You may notice that MeetsThreshold is a class, while WidgetNameCompare is a structure. MeetsThreshold has an internal status
(Its threshold data member), and the class is a reasonable way to encapsulate that information. WidgetNameCompare is stateless, so no private things are needed. Everything is
The authors of public imitation function classes often declare them as struct rather than class, maybe only because they can avoid inputting them before the base class and operator () function.
"Public ". Declaring such a function as a class or struct is purely a matter of personal style. If you are still refining your personal style, find some examples to see none
State STL imitation function classes (such as less <T> and plus <T>) are generally written as struct. Let's take a look.
WidgetNameCompare:

Struct WidgetNameCompare:
Public std: binary_function <Widget, Widget, bool> {
Bool operator () (cost Widget & lhs, const Widget & rhs) const;
}

Although operator's real parameter type is const
Widget &, but the Widget that is passed to binary_function. Generally, it is transmitted to unary_function or
The non-pointer type of binary_function removes the const and reference. (Don't ask why. The reason is not good or interesting. If you really want to know, write something that does not remove them
Program, and then dissect the compiler diagnostic results. If you have completed this stepStillIf you are interested in this issue, visit boost.org and check their work on features and function object adapters .)
This rule changes when the operator () parameter is a pointer. Here there is a structure similar to WidgetNameCompare, but this uses the Widget * pointer:

Struct PtrWidgetNameCompare:
Public std: binary_function <const Widget *, const Widget *, bool> {
Bool operator () (const Widget * lhs, const Widget * rhs) const;
};

Here, the type passed to binary_function and the type carried by operator ()Same. The general rule for the imitation functions with or returning pointers is that the type passed to unary_function or binary_function is operator () with or returned.
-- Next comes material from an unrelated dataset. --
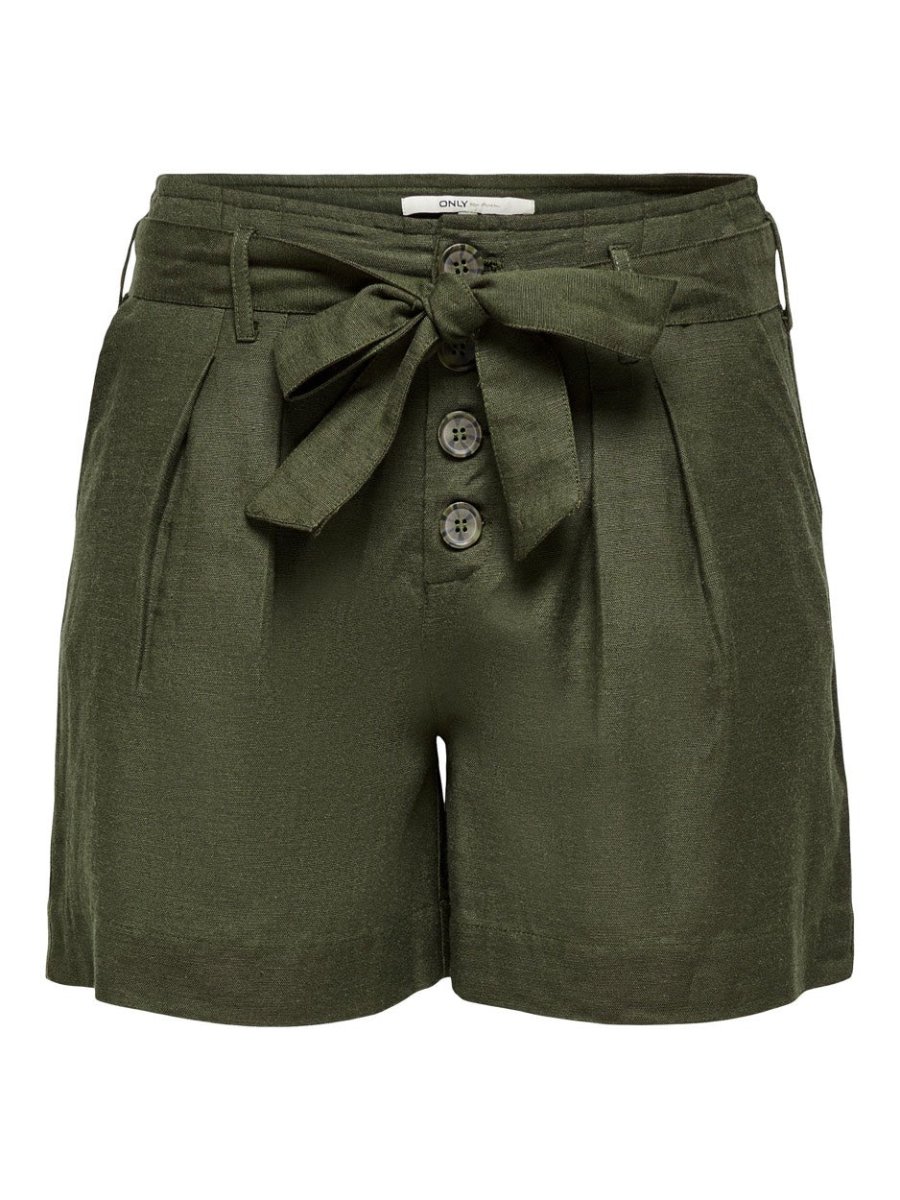 Gemaakt van hoogwaardig materiaal, 88% linnen en 12% katoen, is deze short niet alleen modieus maar ook duurzaam. De voorzijde van de short is voorzien van vier stijlvolle knopen en heeft een strikcentuur in de taille, waardoor je de pasvorm gemakkelijk kunt aanpassen naar jouw wensen.

Do not forget all the redundant texts that use these unary_function and binary_function basics. These classes provide the typedef required by the function Object Adapter, so the adaptive function objects are generated from those classes. So let's do this:

List <Widget> widgets;

List <Widget>: reverse_iterator i1 = // find the last
Find_if (widgets. rbegin (), widgets. rend (), // applicable to widgets with a threshold of 10
Not1 (MeetsThreshold <int> (10); // (whatever it means)

Widget w (constructors );
List <Widget>: iterator i2 = // find the first
Find_if (widgets. begin (), widgets. end (), // WidgetNameCompare Definition
Bind2nd (WidgetNameCompare (), w); // the ranking order of widgets prior to w

If we do not inherit the imitation function class from unary_function or binary_function, none of these examples can be compiled, because both not1 and bind2nd work only with the adaptive function object.
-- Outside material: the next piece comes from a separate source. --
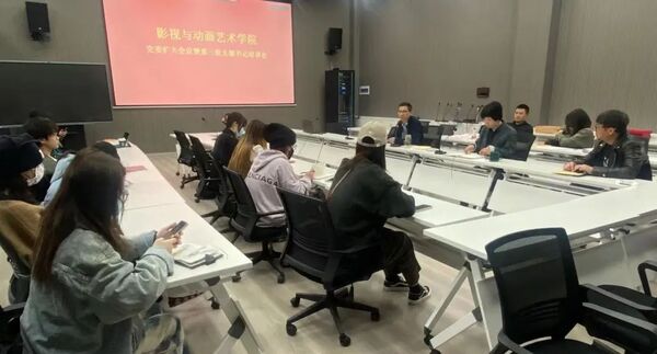 2022年4月15日中午12点,影视与动画艺术学院在3号楼310会议室召开了学院党委扩大会议暨第三轮支部书记培训会,学院全体党支部书记及各支部学生党员代表参会,会议由学院党委副书记马海燕主持。
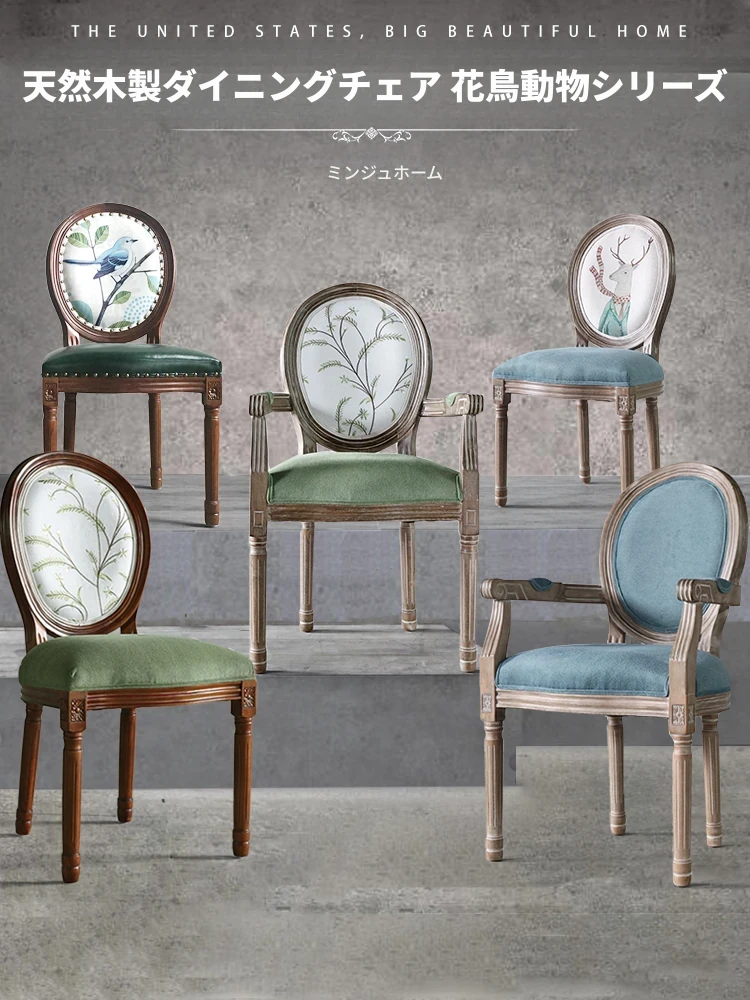 無垢材使用のレトロフレンチデザインダイニングチェア|家庭用・カフェ・ホテルに最適な背もたれ付き|デザイナー厳選のアンティークスタイルリクライニングチェア!快適な座り心地で、食事の時間を特別に演出します。

STL function objects mimic C ++ functions, while a C ++ function has only one set of parameter types and one return type. As a result, STL secretly assumes that each function class has only one operator.
() Function, and the parameter and return type of this function must be passed to unary_function or binary_function (with the reference and pointer type rules we have just discussed
). This means that although it may be tempting, you cannot try to combine it by creating a single struct containing two operator () functions.
WidgetNameCompare and PtrWidgetNameCompare functions. If you do so, this function may be called in the same way
Pass the parameter to the binary_function) for adaptation, and a half-fit imitation function may only be better than completely unable to adapt.